Dois meses após o início do movimento dos "coletes amarelos" na França, começam a surgir as primeiras consequências dos protestos na economia do país - do crescimento do Produto Interno Bruto (PIB) ao turismo, passando pelo comércio e pelo setor agropecuário.

Em meados de dezembro, o ministro de Finanças, Bruno Le Maire, disse que os problemas relacionados aos "coletes amarelos" poderiam fazer a França perder 0,1 ponto de crescimento no quarto trimestre de 2018, embora tenha se recusado a reduzir a meta anual do governo, de expansão de 1,7% do PIB. 

Já o Banco Central francês confirmou, na sexta-feira, sua própria previsão de crescimento para os últimos três meses de 2018, que passou a 0,2% do PIB frente a 0,4% da previsão anterior, em um contexto de desaceleração geral na Europa.

O banco também indicou que o movimento dos "coletes amarelos" continua a afetar a atividade econômica em 2019, mas em setores específicos e de forma menos do que alguns economistas tinham previsto.

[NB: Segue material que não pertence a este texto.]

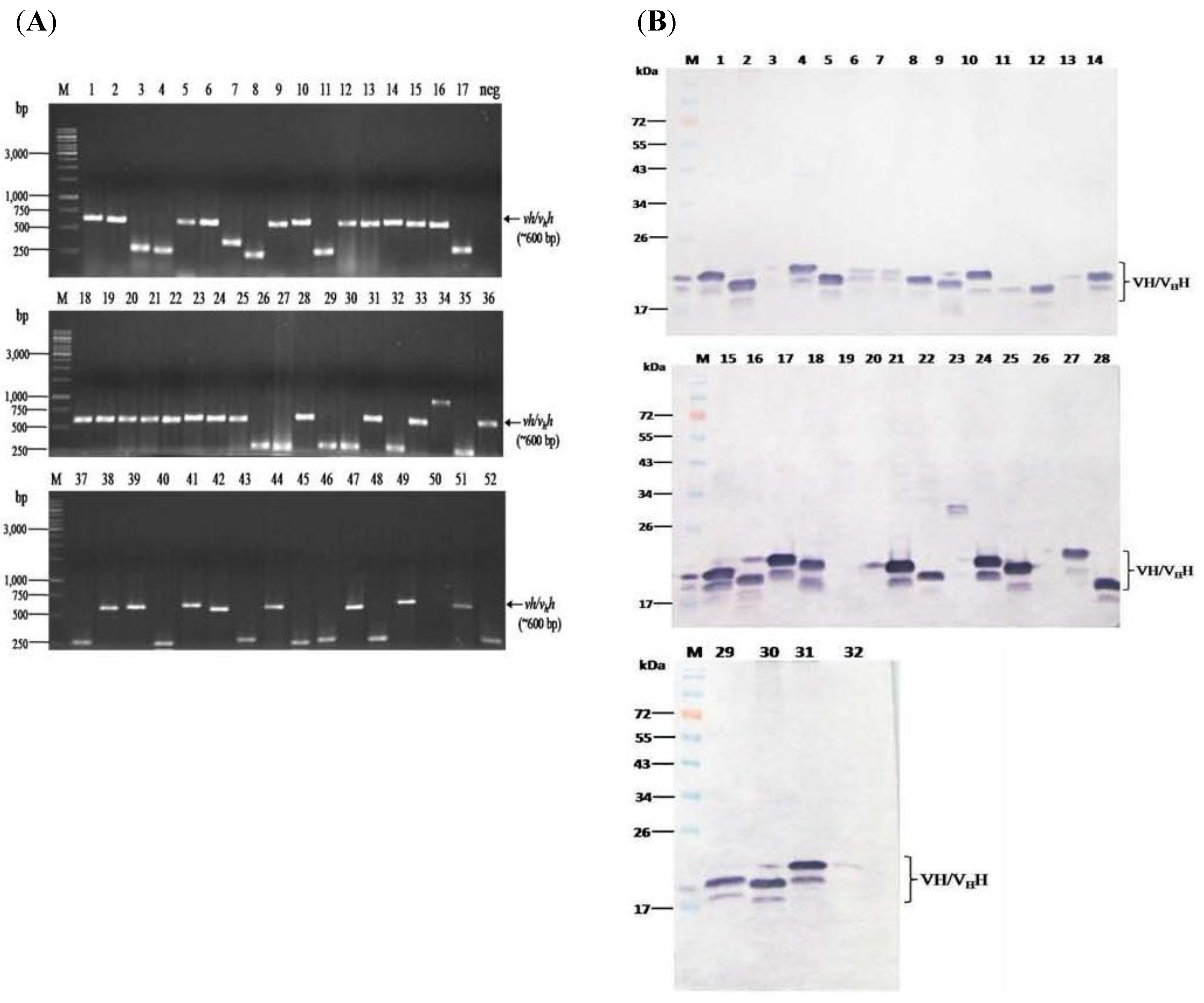 Amplicons of humanized-vhs/vhhs in the HB2151 E. coli clones transfected with the NS3/4A-bound phages and the VHs/VHHs contained in the E. coli lysates revealed by Western blot analysis. (A) Results of PCR amplification of vhs/vhhs using 52 randomly picked phage transformed HB2151 E. coli colonies as templates and R1 and R2 primers. The expected size of vh/vhh sequences including flanking region of phagemid was ~600 bp (arrows). Lane M of all three blocks, GeneRulerTM 1 kb DNA ladder; lanes 1, 2, 5, 6, 9, 10, 12–16, 18–25, 28, 31, 33, 36, 38, 39, 41, 42, 44, 47, 49 and 51 were 32 E. coli clones that were positive for the vh/vhh amplicons; lane neg, negative control (PCR mixture without DNA template). Numbers at the left of all blocks are DNA sizes in base pairs (bp); (B) Western blot results for detecting the VHs/VHHs in lysates of the 32 E. coli clones that carried the vhs/vhhs. Lane M, Pre-stained standard protein ladder; lanes 1–2, 4–18, 21–22, 24–25 and 27–32 show VHs/VHHs (~19–22 kDa) expressed from 28 clones; lane 3, 19, 23 and 26 were lysates of vh/vhh-positive E. coli clones that did not express VHs/VHHs. Numbers at the left of all blocks are protein molecular sizes in kDa.

De acordo com a ministra do Trabalho, Muriel Pénicaud, os protestos levaram a uma paralisação parcial de funcionários de diversas pequenas e médias empresas. Ela ainda anunciou uma ajuda de 32 milhões de euros para pagar os salários de 58.000 pessoas.

Já o presidente da Autoridade dos Mercados Financeiros (AMF), Robert Ophèle, citou nesta quinta das possíveis consequências dos protestos, em alguns casos violentos, para a cidade de Paris, que almeja se tornar uma praça financeira europeia no lugar de Londres, no contexto do Brexit.

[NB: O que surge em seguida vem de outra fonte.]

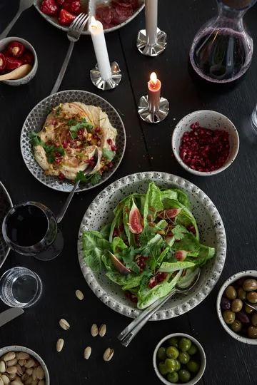 Ditte syvä tarjoilulautanen Sagaformilta on suurempi kivitavarasta valmistettu tarjoilukulho, joka sopii salaatille, leivälle tai hedelmäsalaatille. Käsin valmistetussa kulhossa on roiske-kuvio, joka tekee jokaisesta kappaleesta yksilöllisen, sekä reuna, jota koristavat pienet pastillit – näyttävä katseenvangitsija katetulla illallispöydällä. Yhdistele muihin Sagaformin Ditte-sarjan tuotteisiin yhtenäisen ja tyylikkään kattauksen luomiseksi

"Por ora, ninguém nos disse que vai deixar de vir a Paris por causa do movimento dos 'coletes amarelos'", disse à AFP. "Contudo, nossos interlocutores estão em dúvida sobre as consequências e a duração do movimento", explicou.

As imagens de confrontos violentos na capital e em outras cidades da França também tiveram consequências para o turismo.

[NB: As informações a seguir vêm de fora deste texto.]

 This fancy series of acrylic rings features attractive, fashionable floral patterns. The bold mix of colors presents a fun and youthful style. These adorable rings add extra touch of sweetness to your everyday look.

As chegadas aéreas internacionais a Paris caíram em dezembro entre 5% e 10%, afirmou na sexta Christian Mantei, diretor da Atout France, agência que promove o turismo francês no exterior. "Os americanos e os asiáticos são os mais afetados bem como a clientela de luxo", garante.

Segundo o secretário de Turismo, Jean-Baptiste Lemoyne, o maior impacto ocorreu em dezembro. "Em janeiro e fevereiro, a queda foi freada, e em março os pousos internacionais vão voltar a crescer", opinou.

Pouco antes do Natal, a Federação francesa de Comércio e Distribuição (FCD) avaliou os prejuízos para o comércio varejistas em 2 bilhões de euros. Agora, espera-se que o período de liquidações possa compensá-las.

O setor agropecuário foi afetado principalmente pelos bloqueios de estradas durante as festas de fim de ano - período crucial para seu faturamento. O prejuízo estimado pela associação francesa da indústria alimentar foi de 13 bilhões de euros.

Um diretor de uma empresa que não quis se identificar denunciou à AFP as "extorsões" em algumas rotatórias do país, bloqueadas durante semanas pelos manifestantes.

"Alguns proprietários de supermercados tiveram que entregar saladas e produtos alimentares aos 'coletes amarelos' para evitar que abrissem os caminhões e saqueassem", afirmou.

No setor de transporte rodoviário, os prejuízos alcançaram 2 bilhões de euros, informou no Natal a Federação Nacional (FNTR).